### [About this task]
Any picture in the data below gets skipped; print all the rest exactly.
++++++++
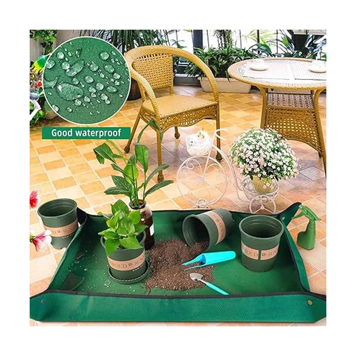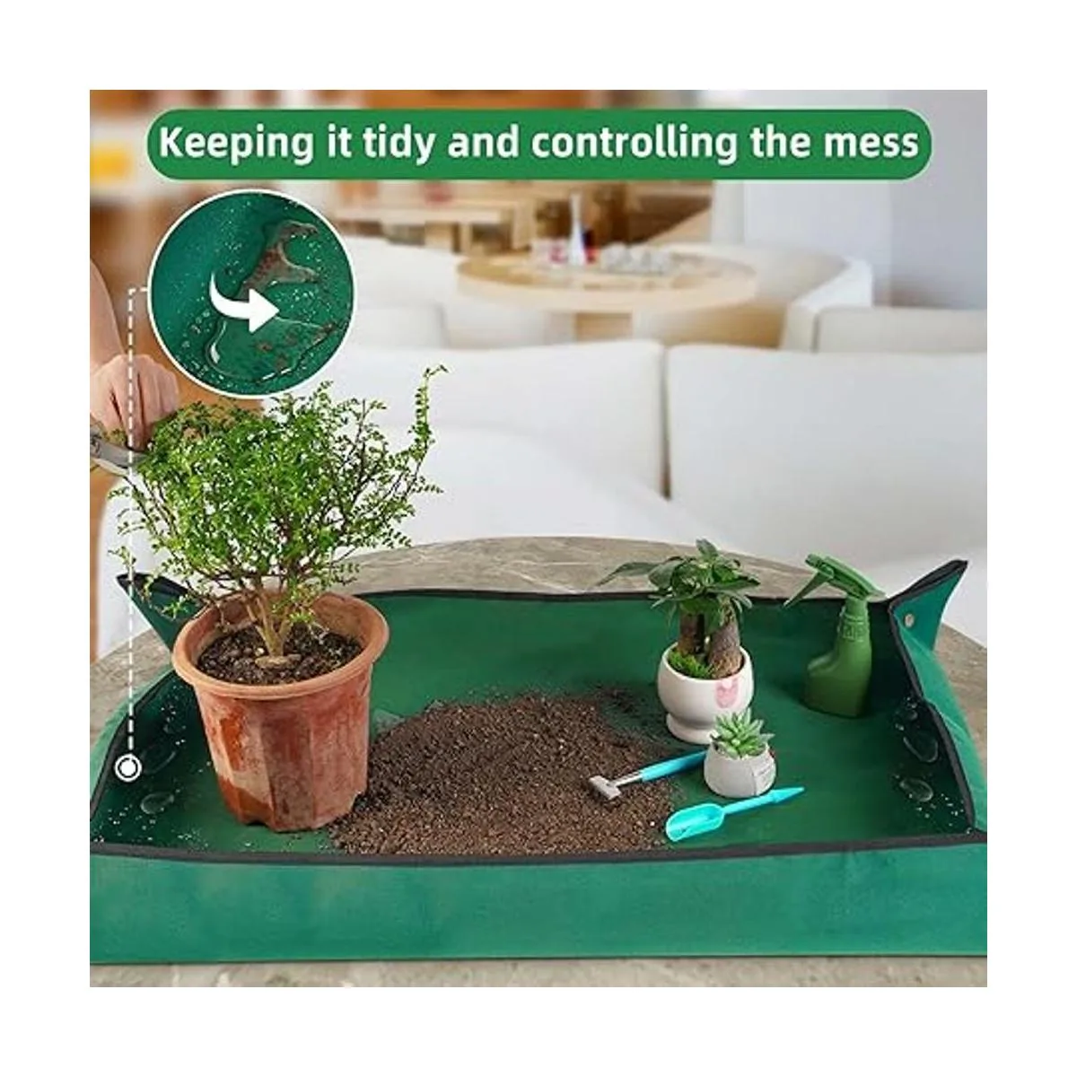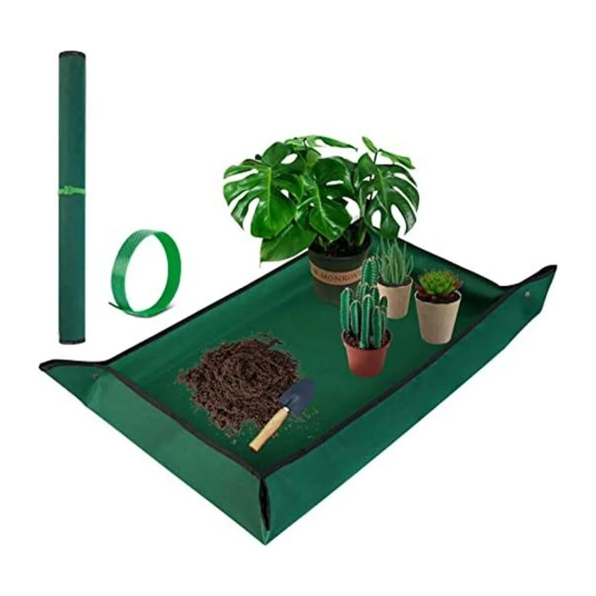 Tapete de reposo para trasplante de plantas de interior y control de desorden, 43 x 29 pulgadas, impermeable, grueso, plegable y fácil de limpiar, tapete de trabajo de jardinería y tapete de plantas suculentas, color verde, grande
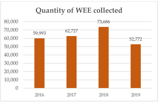 Percentage of WEEE, selectively collected vs. Waste Management Operators Network (WMO). Reprinted/adapted with permission from Ref. [31]. Copyright 2021, copyright ERP.
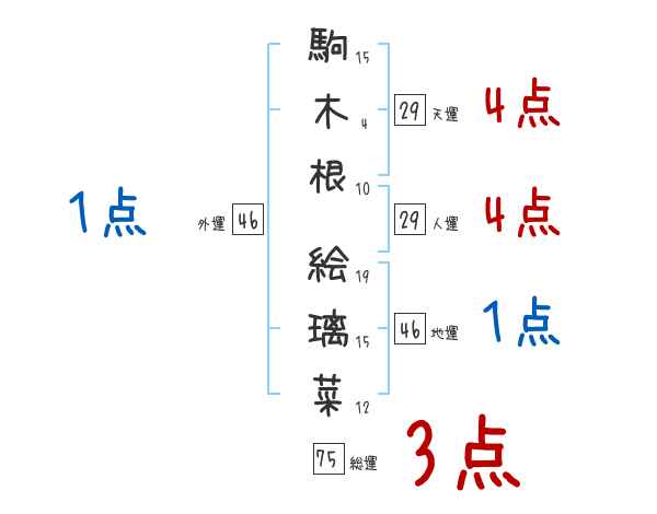総運![]() | 駒木根絵璃菜さんの総運は75画の3つ星!慎重な性格で保守的。 あなたの人生を表す1番重要な運勢です。生涯を通じて影響する総合運となり、主に50歳以降の晩年期に影響を及ぼします。 |
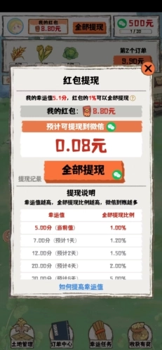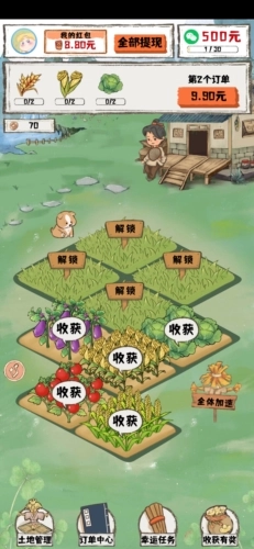 之前几批订单的优惠力度很大,能够迅速把它们处理完,借助全员加速功能就能缩短农作物的生长周期了。
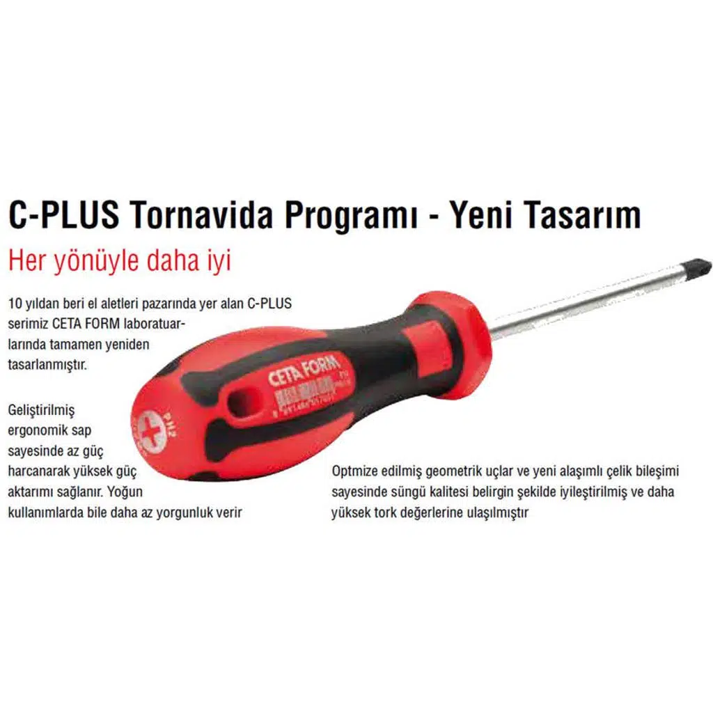 Pakette 3.0x75, 4.0x100, 5.5x125, 6.5x150, 8.0x150 mmölçülerinde 5 adet C-Plus model F10 Serisi düz tornavida bulunmaktadır.C-Plus Tornavida Özellikleri: - Geliştirilmiş ergonomik sap sayesinde az güç harcanarak yüksek güç aktarımı sağlanır. Yoğunkullanımlarda bile daha az yorgunluk verir.- Optmize edilmiş geometrik uçlar ve yeni alaşımlı çelik bileşimi sayesinde süngü kalitesi belirgin şekilde iyileştirilmiş ve dahayüksek tork değerlerine ulaşılmıştır.- Krom Vanadyum Molibden çeliği, mat krom kaplı yüzey.
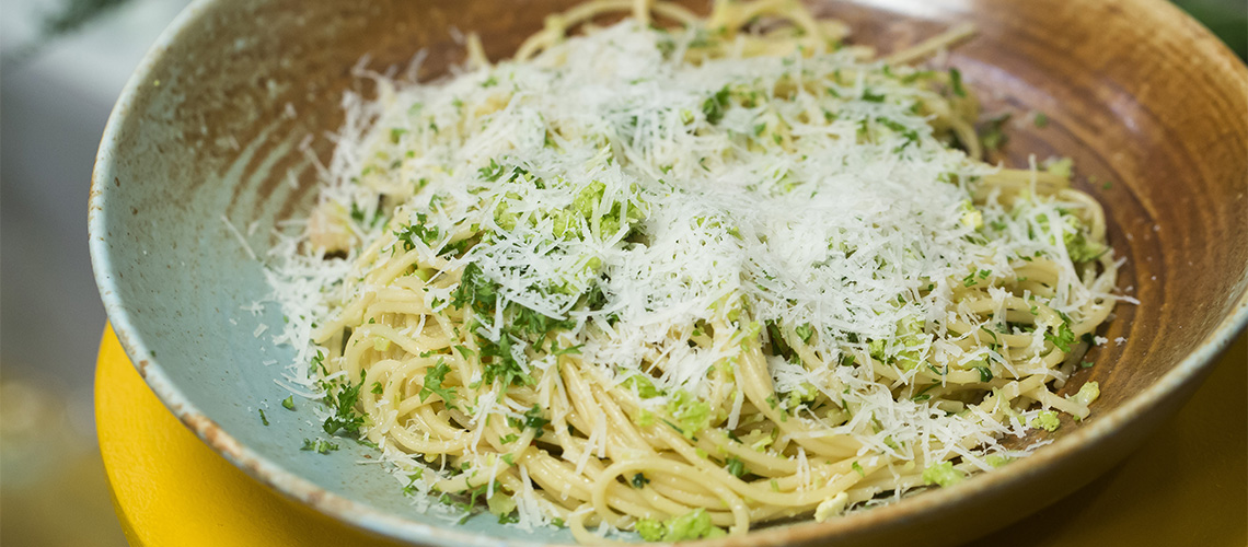 A pagodakarfiolt apróra vágjuk és vajban megpirítjuk, hozzáadjuk a halszószt és a lime levét. A garnélarákot forró serpenyőben gyorsan megpirítjuk és a karfiolhoz adjuk, majd chilivel fűszerezzük. A tésztát al dente megfőzzük az alaplében. Ízlés szerint összekeverjük és pecorinóval tálaljuk.
++++++++
### [Response to this exercise]
 Tapete de reposo para trasplante de plantas de interior y control de desorden, 43 x 29 pulgadas, impermeable, grueso, plegable y fácil de limpiar, tapete de trabajo de jardinería y tapete de plantas suculentas, color verde, grande
 Percentage of WEEE, selectively collected vs. Waste Management Operators Network (WMO). Reprinted/adapted with permission from Ref. [31]. Copyright 2021, copyright ERP.
総運![]() | 駒木根絵璃菜さんの総運は75画の3つ星!慎重な性格で保守的。 あなたの人生を表す1番重要な運勢です。生涯を通じて影響する総合運となり、主に50歳以降の晩年期に影響を及ぼします。 |
 之前几批订单的优惠力度很大,能够迅速把它们处理完,借助全员加速功能就能缩短农作物的生长周期了。
 Pakette 3.0x75, 4.0x100, 5.5x125, 6.5x150, 8.0x150 mmölçülerinde 5 adet C-Plus model F10 Serisi düz tornavida bulunmaktadır.C-Plus Tornavida Özellikleri: - Geliştirilmiş ergonomik sap sayesinde az güç harcanarak yüksek güç aktarımı sağlanır. Yoğunkullanımlarda bile daha az yorgunluk verir.- Optmize edilmiş geometrik uçlar ve yeni alaşımlı çelik bileşimi sayesinde süngü kalitesi belirgin şekilde iyileştirilmiş ve dahayüksek tork değerlerine ulaşılmıştır.- Krom Vanadyum Molibden çeliği, mat krom kaplı yüzey.
 A pagodakarfiolt apróra vágjuk és vajban megpirítjuk, hozzáadjuk a halszószt és a lime levét. A garnélarákot forró serpenyőben gyorsan megpirítjuk és a karfiolhoz adjuk, majd chilivel fűszerezzük. A tésztát al dente megfőzzük az alaplében. Ízlés szerint összekeverjük és pecorinóval tálaljuk.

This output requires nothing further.